FIG. 7 illustrates an example method for using triples to generate
index hashes and generating verification hashes in accordance with
implementations of this disclosure. At 702, a spectrogram can be
generated (e.g., by a spectrogram component) for an audio sample
based on fast Fourier transforms (FFTs) of overlapping windows. At
704, a set of local peaks of the spectrogram can be generated
(e.g., by a spectrogram component). In one implementation, local
peaks in the set of local peaks are maxima in a local
time/frequency window. At 706, a set of triples can be generated
(e.g., by a triples component) based on the set of local peaks. In
one implementation, generating the set of triples is further based
on a maximum time span for each triple. In one implementation, each
triple in the set of triples contains a first frequency maxima, a
second frequency maxima, a third frequency maxima, a quantized time
of a latest maxima, and a time span. At 708, an index histogram can
be generated (e.g., by a triples component) based on the set of
triples. At 710, the index histogram can be transformed (e.g., by a
hash component) into one or more index hashes. In one
implementation, the one or more index hashes can be weighted
minhashes.
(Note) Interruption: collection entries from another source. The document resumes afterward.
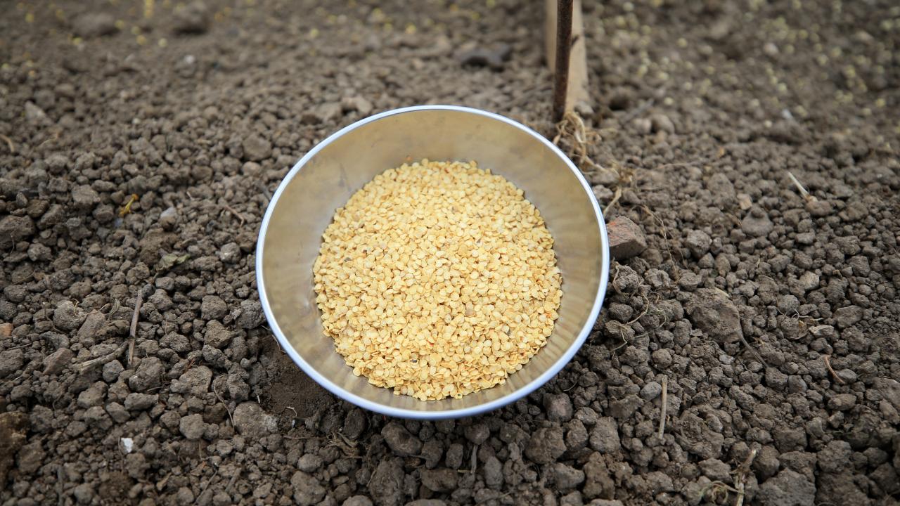 Toprakla buluşturulan tohumların üstleri sığır gübresiyle kapanıyor. Daha sonra brandayla örtülen tohumlar yaklaşık 15 gün içerisinde çimlenmeye başlıyor. Çimlenen tohumlar, fidelerin gelişmesi için otlarından temizleniyor.
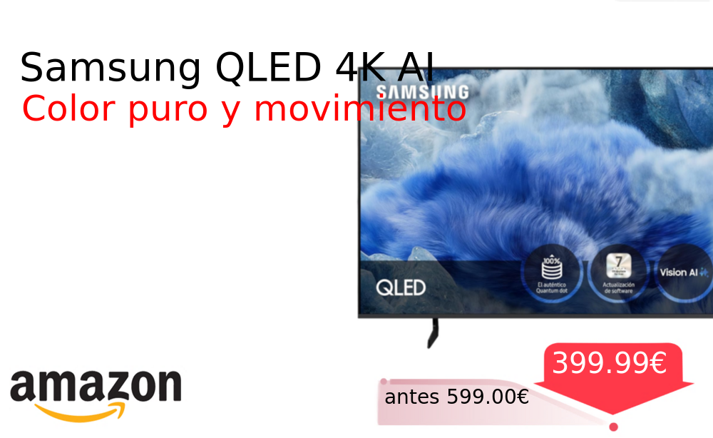 Más de un 30% 🚀 Samsung QLED 4K AI❗️🆕 #Amazon 🇪🇸 📛Precio Ya 399.99€❗️ (PVP: +599.00€) ✨Televisor Samsung QLED con tecnología 4K y visión artificial Disfruta colores puros gracias al Quantum Dot y movimiento fluido con Motion Xcelerator en pantalla. cholloya.com/TV_SAMSUNG_Q8F
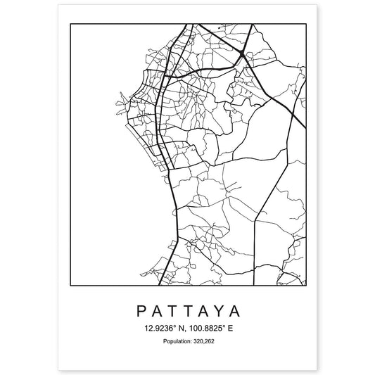 Lámina estilo nórdico del mapa de Pattaya en blanco y negro

At 712, a verification histogram can be generated (e.g.,
by a verification component 310) based on the set of local peaks.
At 714, the verification histogram can be transformed (e.g., by a
verification component) into one or more verification hashes. In
one implementation, the one or more verification hashes can be
weighted minhashes.
FIG. 8 illustrates an example method for using index hashes and
verification hashes in building a reference sets or in matching an
audio signal in accordance with implementations of this disclosure.
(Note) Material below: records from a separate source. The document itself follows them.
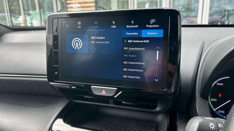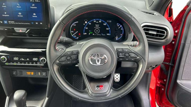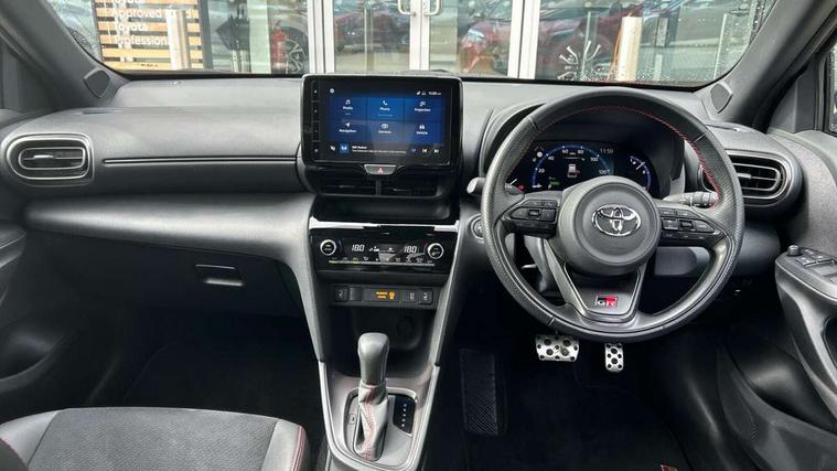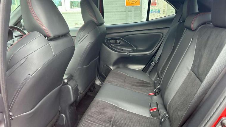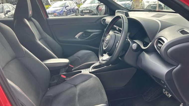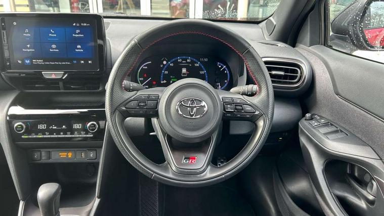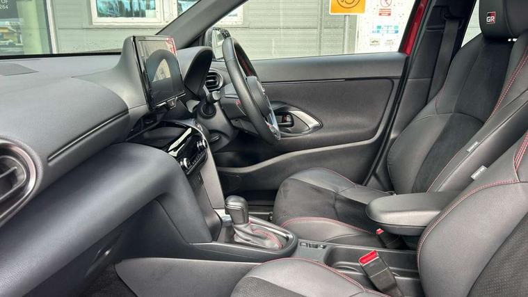 7" Multi information display screen, Adjustable speed limiter, Bluetooth connectivity, Driver attention alert system, eCall emergency system, Electric power steering, Full range intelligent adaptive cruise control, Hybrid system indicator, Key reminder warning, Lane trace assist, Multimedia, audio, telephone and voice recognition switches on steering wheel, My T Connected services, Pre-collision system enhanced with emergency steering assist, Reversing camera, Road sign assist - RSA, GR suspension tuning, Steering assisted vehicle stability control, 6 speakers, DAB Digital radio, USB connection, 3rd brake light, Acoustic windscreen glass, Aluminium roof rails, Anti-jam protection on power windows, Auto high beam [AHB] with on/off switch, Automatic headlights, Automatically retractable door mirrors, Black lower front grille, Black rear bumper, Black rear under run, Black Shark-fin antenna, Black wheel arch mouldings, Body colour door handles, Body colour front bumper, Dark chrome plated insert on upper front grille, Electric adjustable heated door mirrors, Electrochromatic auto dimming rear view mirror, Follow me home headlights, Front and rear electric windows with auto up/down function, Front intermittent wipers, Gloss black upper front grille, Headlight cut off reminder, Indicators integrated on door mirrors, Intermittent rear wiper, LED daytime running lights guide, LED front fog lights, LED front light guide, LED Indicators, LED projector headlights, LED rear light guide, Manual headlight levelling, Noise reduction layer on windscreen, Privacy glass, Rain sensor, Rear LED lights with sequential indicators, Rear side wing doors, Rear spoiler, Rear window defogger, 12v power outlet - front, 12V power point in boot, 2x Rear coat hooks, 3 seat bench in 2nd row, 3 spoke leather sports steering wheel, 40:20:40 split folding rear bench seat, Adjustable speed limiter switch on steering wheel, Black roof lining, Boot light, Central armrest, Centre console in light blue ambent lighting, Driver and front passenger personal lights, Driver and passenger seatback pockets, Dual zone automatic air conditioning, Fabric door trim, Footwell in light blue ambient lighting, Front console box, Front cup holders, Front head restraints, Front sport seats, Glovebox, GR scuff plates, Heated driver and passenger seats, Height adjustable driver's seat, Height adjustable front passenger seat, Hooks for luggage holding belts, ISOFIX child restraint system, Lane departure alert switch on steering control, Leather gearshift, Light blue ambient lighting on front doors, Light on driver and front passenger sun visor, Manual telescopic and tilting steering wheel, Mirror on driver and passenger sun visor, Nanoe-X air purifier, Perforated alcantara/leather upholstery, Pollen air filter, Power adjustable lumbar support on driver seat, Rear cup holders, Rear head restraints, Single front passenger seat, Soft tonneau cover, Storage box under boot floor, Tech pack - Yaris Cross, 3x3 point rear seat belts, ABS+EBD+Brake assist, Driver and passenger central airbags, Driver and passenger front airbags, Driver and passenger side airbags, Electronic parking brake, Emergency brake light system (EBS), Front seat belt reminder, Hill start assist control (HAC), Passenger airbag on/off switch, Pre-collision system with pedestrian and cyclist detection, Rear door child safety locks, Rear passenger side airbags, Rear seat belt reminder, Traction control, Tyre pressure warning system, Immobiliser, Intrusion alarm, Keyless smart entry with push button start, Power door locks, Power passenger window lock, Remote door lock, Tyre repair kit,
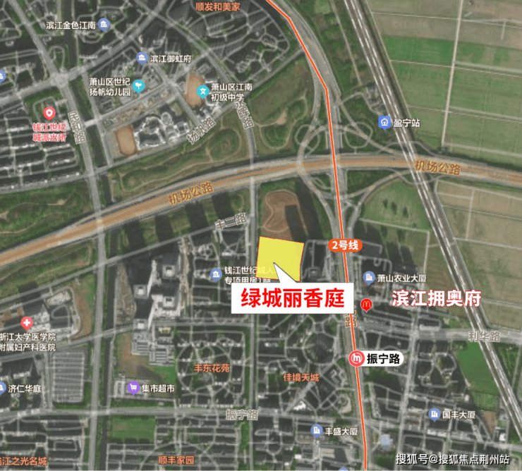 绿城丽香庭,位于世纪城核心单元,是当前泛奥体圈在售项目里,距离地铁口最近的楼盘:直线距离地铁2号线振宁路地铁站仅约150米。
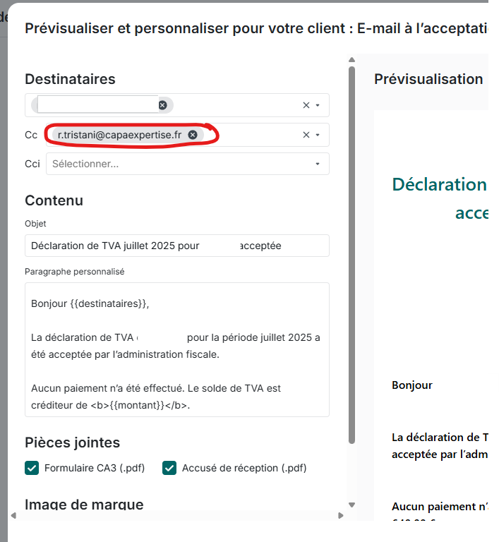 De cette manière, un mail est reçu par la personne ayant réalisé la déclaration au cabinet et le mail client n'est envoyé qu'au client.
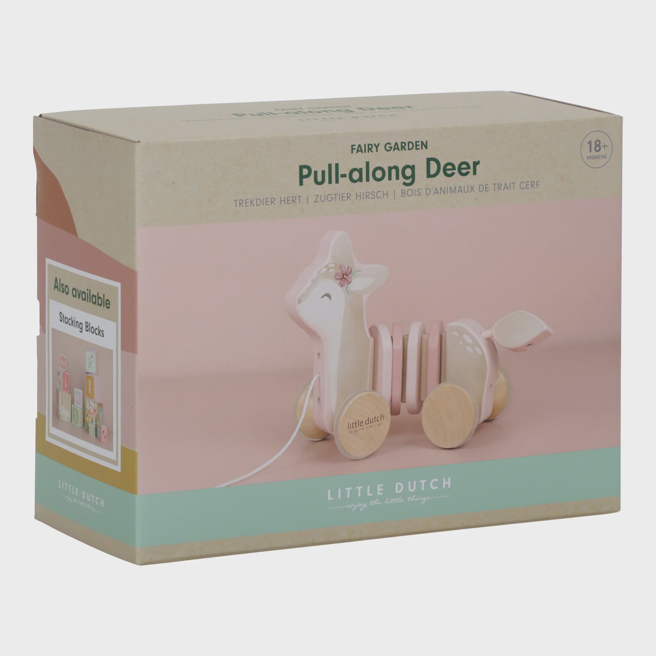 This little deer is ready for an adventure! Simply pull the string and watch as the deer gracefully follows along, whether you’re exploring the living room, navigating through hallways, or walking circles in your room. Go on enchanting journeys to the mystical Fairy Garden, where you and your deer friend will discover breathtaking flowers and magical wonders. Crafted from sturdy wood and adorned with colourful rings, this pull-along deer not only provides endless entertainment but also promotes walking and enhances motor skill development
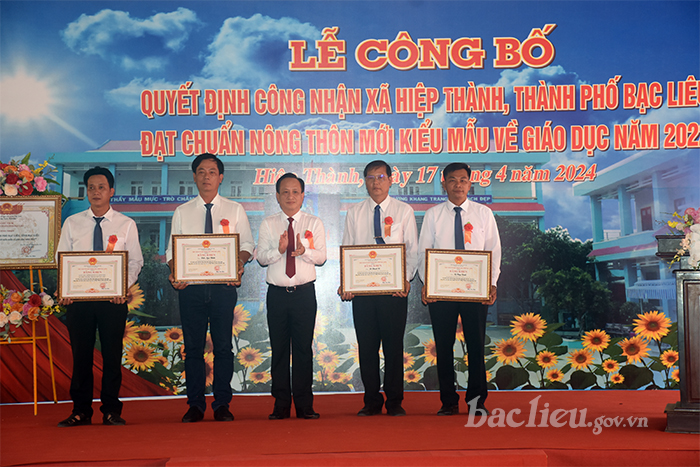 Dịp này, UBND tỉnh tặng bằng khen cho 4 tập thể và cá nhân có thành tích xuất sắc trong phong trào xây dựng NTM kiểu mẫu xã Hiệp Thành; UBND thành phố Bạc Liêu và UBND xã Hiệp Thành tặng giấy khen cho nhiều tập thể, cá nhân có thành tích xuất sắc trong phong trào xây dựng NTM kiểu mẫu.
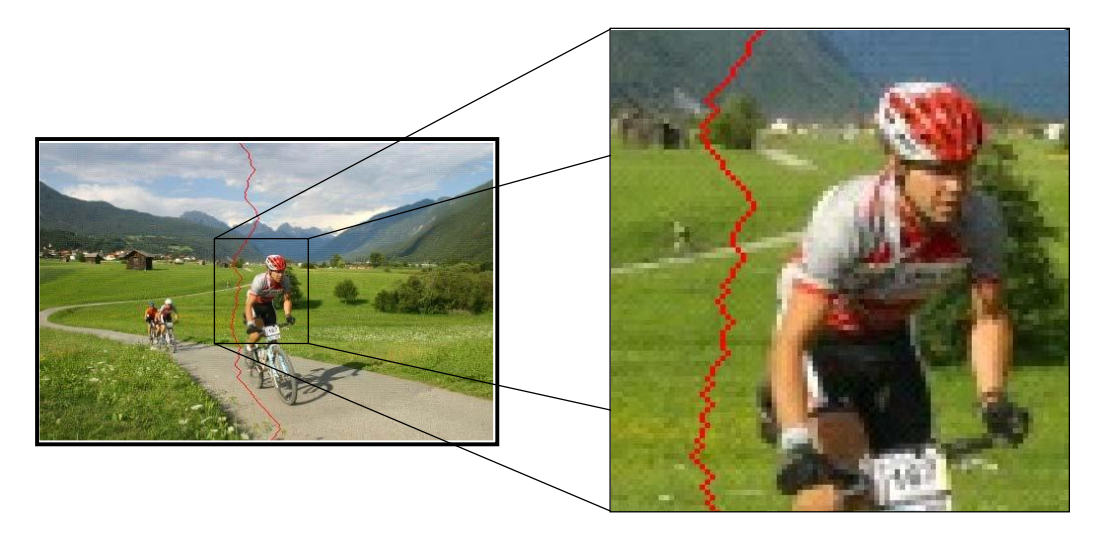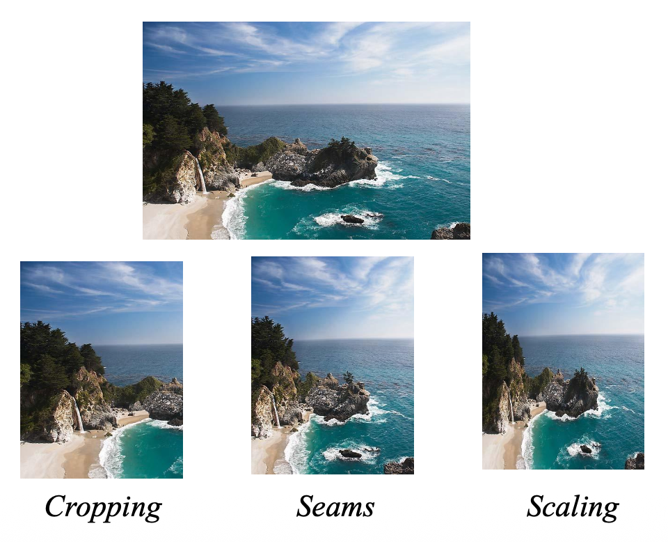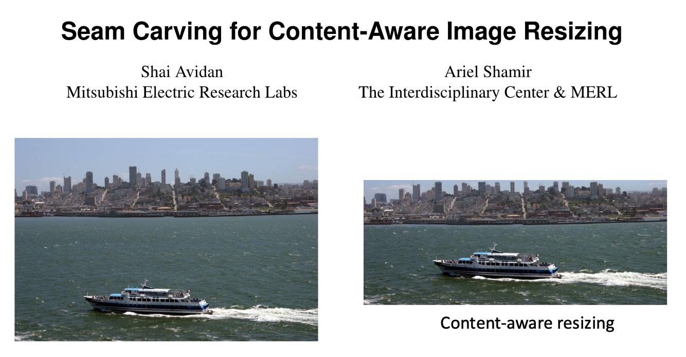 接缝裁剪(seam carving):自顶向下寻找像素的连接路径,其边缘能量为最小。

At 802, a spectrogram can be generated (e.g., by a spectrogram
component) for an audio sample based on fast Fourier transforms
(FFTs) of overlapping windows. At 804, a set of local peaks of the
spectrogram can be generated (e.g., by a spectrogram component). In
one implementation, local peaks in the set of local peaks are
maxima in a local time/frequency window. At 806, a set of triples
can be generated (e.g., by a triples component) based on the set of
local peaks. In one implementation, generating the set of triples
is further based on a maximum time span for each triple. In one
implementation, each triple in the set of triples contains a first
frequency maxima, a second frequency maxima, a third frequency
maxima, a quantized time of a latest maxima, and a time span. At
808, an index histogram can be generated (e.g., by a triples
component) based on the set of triples. At 810, the index histogram
can be transformed (e.g., by a hash component) into one or more
index hashes. In one implementation, the one or more index hashes
can be weighted minhashes. At 812, a verification histogram can be
generated (e.g., by a verification component) based on the set of
local peaks. At 814, the verification histogram can be transformed
(e.g., by a verification component) into one or more verification
hashes. In one implementation, the one or more verification hashes
can be weighted minhashes.
At 816, the one or more index hashes can be added (e.g., by an
index component 410) to a set of index hashes stored within an
index data store. At 818, the one or more verification hashes can
be added (e.g., by an index component) to a set of verification
hashes stored within a verification data store wherein the one or
more index hashes and the one or more verification hashes are
associated.
Alternative to acts 816-818, at 820, the audio sample can be
matched (e.g., by a matching component 510) by comparing the one or
more index hashes transformed at 810 to a set of index hashes to
determine a potential match and the one or more verification hashes
to a set of verification hashes associated with the potential
match.
FIG. 9 illustrates a high-level functional block diagram of an
example client device using triples to generate index hashes in
accordance with implementations of this disclosure. A client device
could include a smart phone, a tablet, an e-reader, a personal
digital assistant, a desktop computer, a laptop computer, a server,
etc. A spectrogram component 910 can generate a spectrogram of an
audio sample 202 based on fast Fourier transforms (FFTs) of
overlapping windows and identify a set of local peaks based on the
spectrogram. Audio sample 202 can be an audio file stored within
memory 204. A triples component 920 can generate a set of triples
based on the set of local peaks. The triples component 920 can
further generate an index histogram based on the set of triples. A
hash component 930 can generate one or more index hashes based on
the index histogram. A verification component 940 can generate a
verification histogram based on the set of local peaks and
transforms the verification histogram into one or more verification
hashes.
FIG. 10 illustrates a high-level functional block diagram of an
example client device using triples to generate index hashes
including a matching component 1010 in accordance with
implementations of this disclosure. Matching component 1010 can
employ the one or more index hashes generated by hash component 930
to identify a potential match of the audio sample and an audio file
stored in a repository 1002. In one implementation, matching
component 1010 can further employ the one or more verification
hashes to verify the match. Audio file repository 1002 can contain
a set of index hashes 1004 and a set of verification hashes 1006
which matching component 1010 can utilize in identifying a
potential match or verifying a potential match.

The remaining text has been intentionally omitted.